Additionally ClickhouseServerAPI
can process pandas.DataFrame
s, which can be useful for trying out ideas or playing around. This will try to infer appropriate types on a 'best effort' basis, but may well get things wrong, particularly for more complex types, so should not be relied upon.
You can pass a pandas frame anywhere that Splink expects a table, or instead you can register it once and refer to it by name:
import clickhouse_connect
from splink import splink_datasets
from splinkclickhouse import ClickhouseServerAPI
client = clickhouse_connect.get_client(
host="localhost",
port=8123,
username="user",
password="password",
database=db_name,
)
db_api = ClickhouseServerAPI(client)
df = splink_datasets.fake_1000
db_api.register_table(df, "fake_1000_people")

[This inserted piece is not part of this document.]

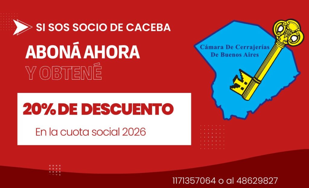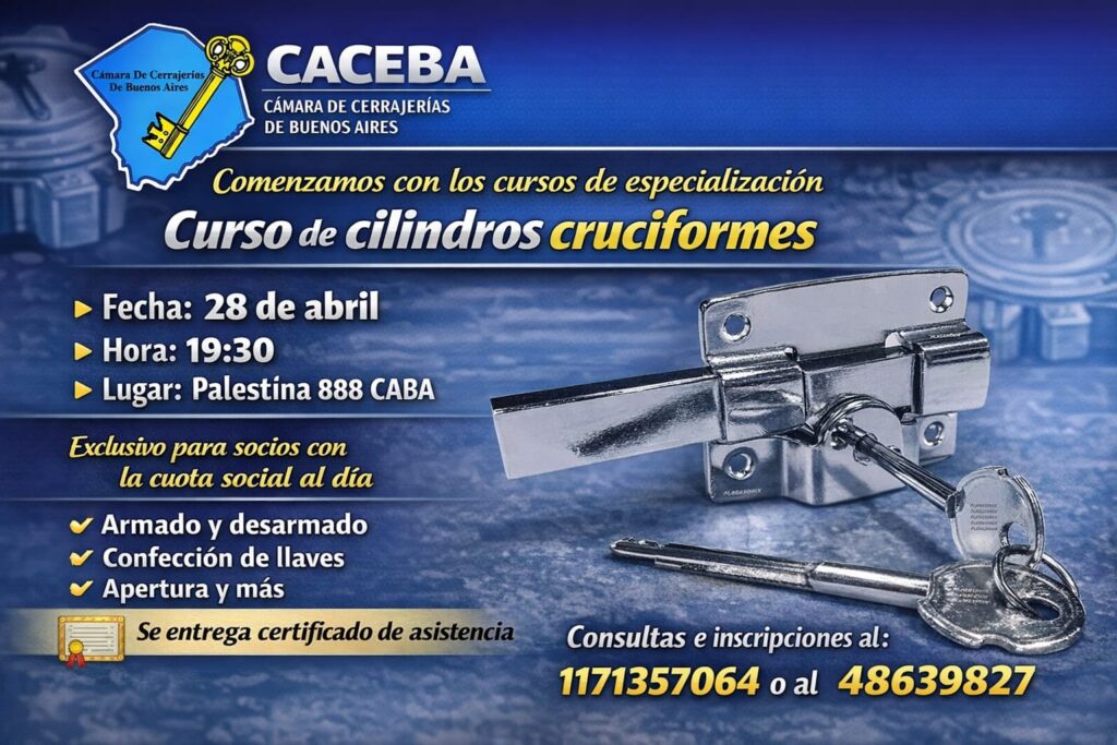 13 Abr 2026 Inicio del Curso Anual de Cerrajería Domiciliaria 2026 13 abril, 2026 By Yamila Patelli El pasado jueves 9 de abril se dio inicio, en CACEBA, al Curso Anual de Cerrajería Domiciliaria 2026. En esta nueva edición...Continue reading

# 'fake_1000_people' will now be registered in your database, and you can refer to this for further Splink operations
set_union_default_mode()
Set union_default_mode
to 'DISTINCT'
Splink uses SQL involving bare 'UNION's in order to combine rows without removing duplicates. Clickhouse requires this to be explicitly set, so this function changes the server setting so that this is the default behaviour. See the Clickhouse docs.
This happens automatically on creation of ClickhouseServerAPI
.
However, this setting is tied to a session, so if this expires then this
configuration value will be forgotten, and you may receive errors such as
Expected ALL or DISTINCT in SelectWithUnion query
.
In this case you will need to manually call this function.
ChDBAPI
Set up a ChDBAPI
by providing a connexion:
from chdb import dbapi
from splinkclickhouse import ChDBAPI
con = dbapi.connect()
db_api = ChDBAPI(con)